Er zit niks anders op, we zullen weer naar boven moeten. Enkele wandelaars wijzen ons een andere route, vrijwel recht omhoog. Een stuk korter en goed te doen. Zeker zonder rugzak. Met een diepe zucht staan we op en beginnen aan de tocht terug naar boven. De puinhelling die dalend vast goed te doen is, is stijgend voor ons vlaklanders toch een stuk lastiger. De klim wordt steiler en steiler en we schuiven soms even hard naar beneden als dat we omhoog klimmen. Alles wat mis kan gaan spookt door mijn hoofd. Ik zie ons te pletter storten, honden op de korrel genomen worden door jagers of … dadelijk staan wij boven en zij toch beneden. 
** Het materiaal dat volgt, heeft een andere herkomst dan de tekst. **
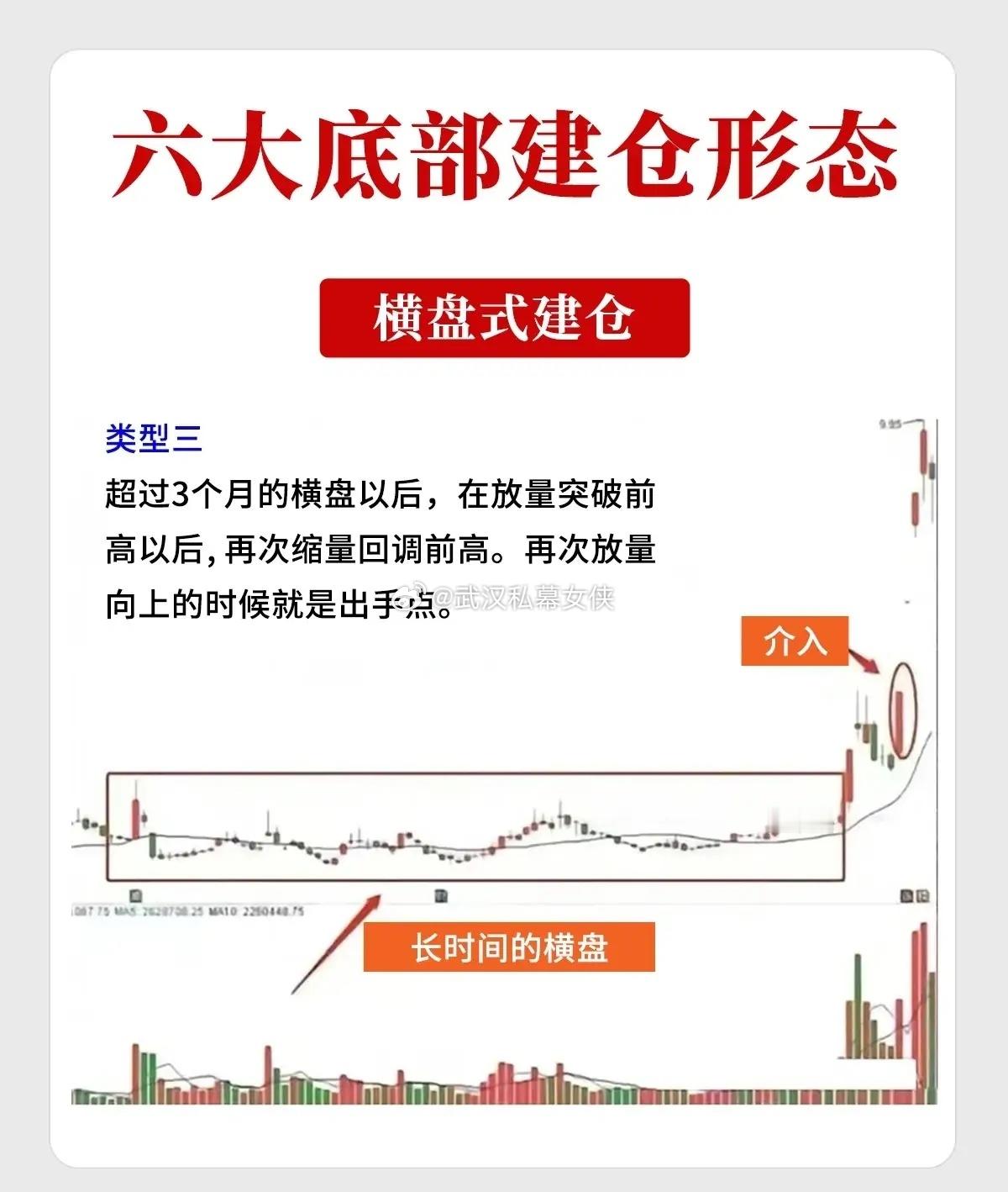 这六种形态是技术分析中关于主力资金在底部吸筹的经典图表模型。一、横盘式建仓形态

Mijn opluchting is dan ook groot als ik ineens twee loungende husky’s in het vizier krijg. Zich van geen kwaad bewust liggen ze lekker in het zonnetje op de helling, een stukje onder de pas. Zodra de ons opmerken komen ze opgewekt aangelopen. "He, gezellig, jullie ook hier!”. Tot mijn schrik is Chenak zijn rugzak kwijt, waar al het hondenvoer in zit! Spontaan flap ik eruit “waar is je tas 'nakkie?" waarop hij zich omkeert en van me weg loopt. Nieuwsgierig volg ik hem en ja hoor, om de hoek tussen een paar stenen ligt de tas. Snapte hij me nou echt of is dit toeval? 
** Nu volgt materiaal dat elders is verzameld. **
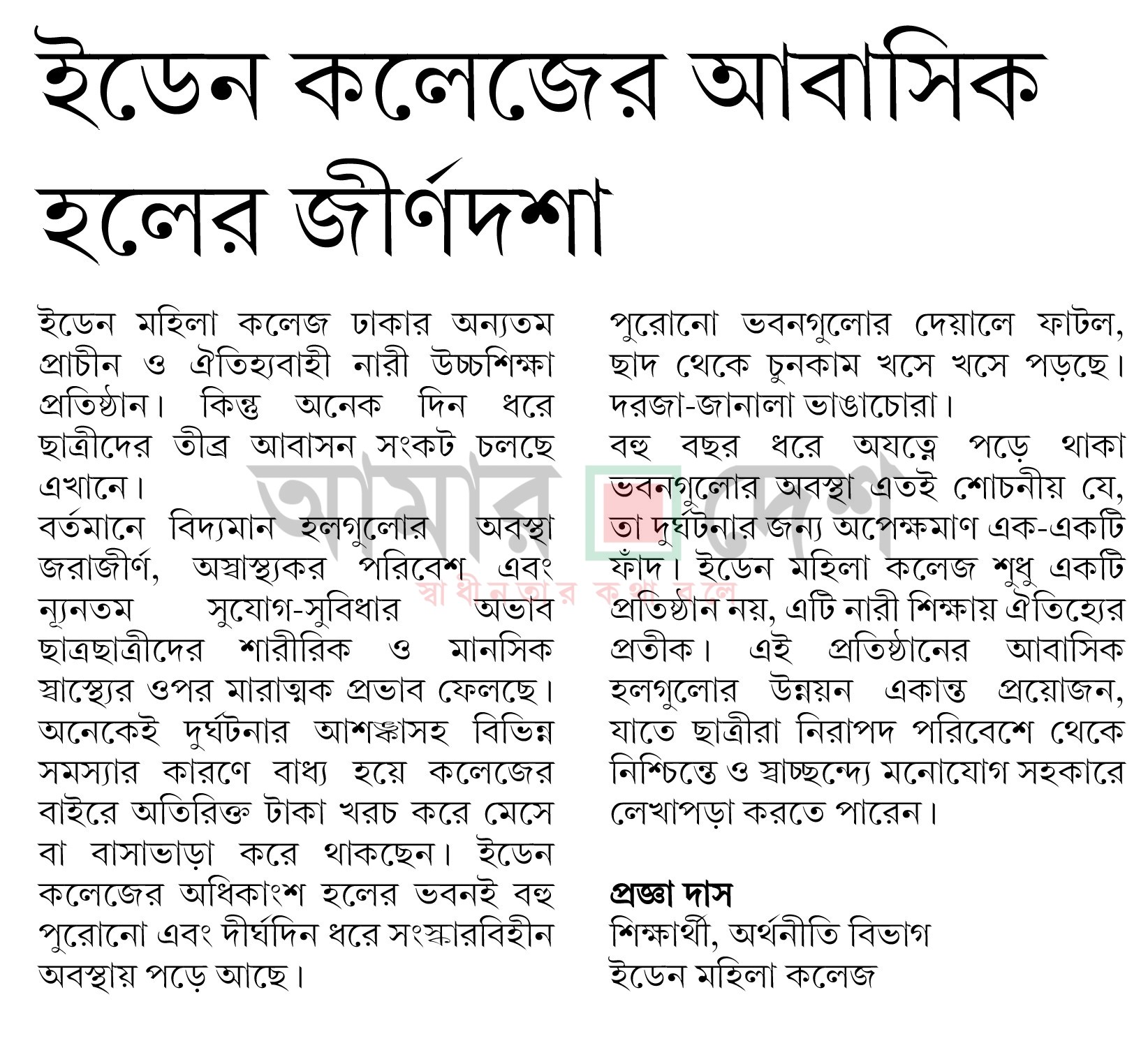 Homeআমার দেশ পত্রিকা "ইডেন কলেজের আবাসিক হলের জীর্ণদশা," progga March 03, 2025 0 আমার দেশ পত্রিকা, 3 March 2025epaper Link You Might Like View all

Goed, we zijn compleet, zijn rugzak is terug maar wat nu? Naar beneden met hond over deze helling zien we nog steeds niet zitten. Zeker niet nu we weer bijna bij de top zijn. Dan maar terug omhoog, de geleidelijke klim van die ochtend weer naar beneden en dan met de taxi de rugzakken gaan halen via de (om)weg. Die staan immers nog beneden in de berghut. Het klinkt omslachtig en dat is het ook, maar de honden meenemen naar die berghut betekent de volgende dag weer twee passen over moeten. En daar hebben we nu net geen zin in! 
Uiteindelijk is het half twaalf ’s avonds als we weer met alle have en goed in onze bivakzak op hetzelfde kampeerplekje liggen. De volgende ochtend is er een algemene loopstaking uitgebroken. Voor de allereerste keer in ons leven willen de honden niet wandelen. Ze zijn moe. Wij ook.